Fri Oct 05, 2012 3:44 am
Checked the flow, looks like the float may be stuck. will have to break down the carb tonight. I guess even a beand new carb may have issues.
Fri Oct 05, 2012 5:50 am
Unfortunately, it sounds like you installed a new needle valve and the valve coated with rubberized material. Unfortunately, those rubber tips dont really like the ethanol in our gasoline... If you still have your old needle valve and seat, maybe inspect it to see if it can be re-used...
Fri Oct 05, 2012 11:29 am
No I didn't install the needle valve, I installed a brand new carb. Problem is the new carb's float seems to be stuck. I will have to pull this one off and check it out.
Fri Oct 05, 2012 11:46 am
If the new carb has a rubber tipped valve, that could still be your problem... But taking it off to check is a good idea...
Fri Oct 05, 2012 11:46 am
If you haven't had a cub carb apart, before,be careful when you split it. The thin idle tube can be easily broken.It goes through a small hole from the top section, into the bottom section. Carefully LIFT the top off, don't, try to slide it sideways. Ed
Fri Oct 05, 2012 12:10 pm
Some of the Viton tips do not react well to ethanol. Not all of them -- but some. In no start situations that are starvation related, I automatically check the jet's orifices and the needle/cage for varnish/dirt etc., after checking the up stream fuel circuit for crud as well.

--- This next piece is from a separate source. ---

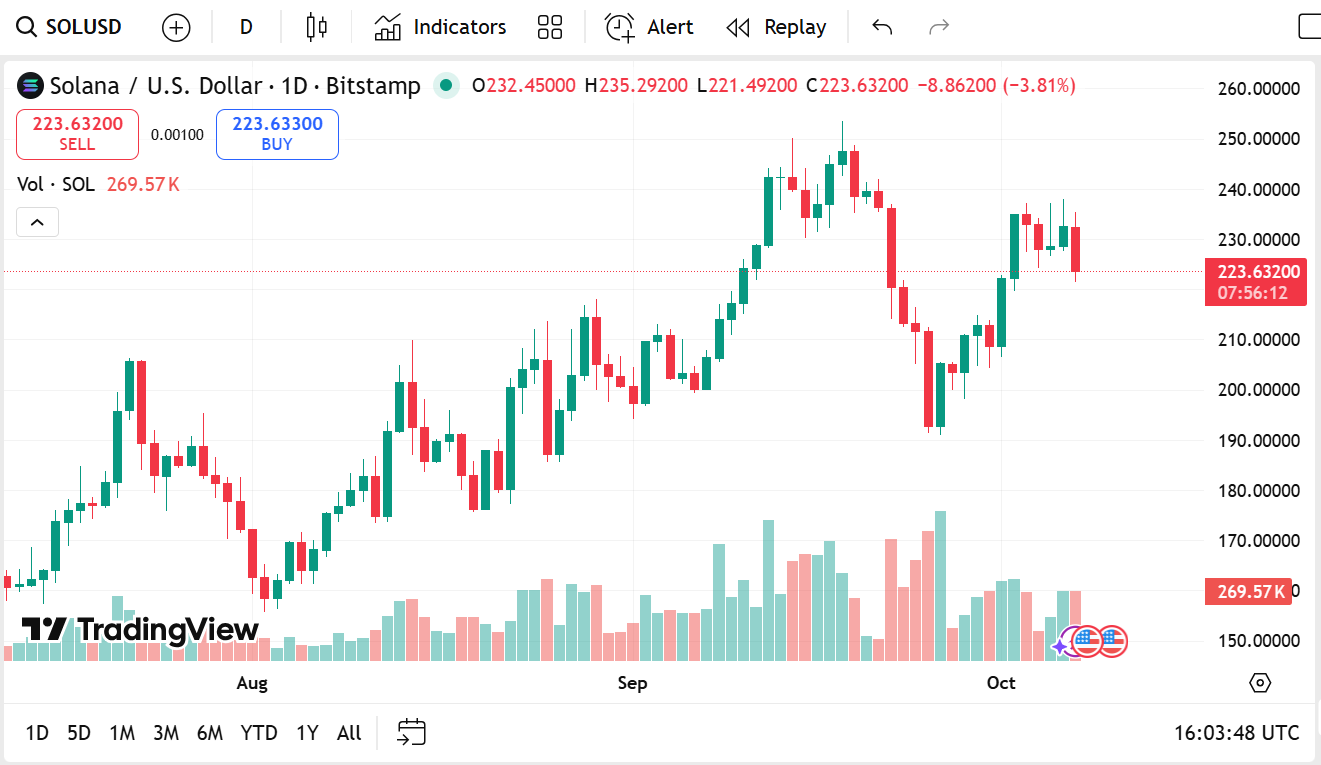 Solana目前交易价格约为223.63美元,过去24小时下跌0.76%,市值达1262.7亿美元,交易量为77.2亿美元,增长29.5%。尽管存在小幅波动,该网络强大的开发者活动和高效率持续吸引投资者信心。

As Ed said, take it apart carefully. That idle tube is kinda expensive
Mon Oct 08, 2012 3:12 am
Thanks for the info. Checked the carb. And needle valve, cleaned
everything installed and she is running great. Took her out for her first test run. The hills were a little tough but it ran great. Now I might tackle the electronic ignition.
Mon Oct 08, 2012 7:03 am
Bob Crawford wrote:............. she is running great. ..............................Now I might tackle the electronic ignition.
Why fix what isn't broke?
Mon Oct 08, 2012 11:29 am
Well where I will be using this is very hilly and the additional power from the electronic ignition will make things a little easier.
I'm sure there are pros & cons when it comes to changing an original.
Mon Oct 08, 2012 1:22 pm
There are always pros and cons. Some of us prefer 6 volt, some 12 volt and some swear by the electronic ignition conversions. It really is all up to you. but whatever you do save all of the parts you take off. Might come in handy if the electronic ignition gives up the ghost.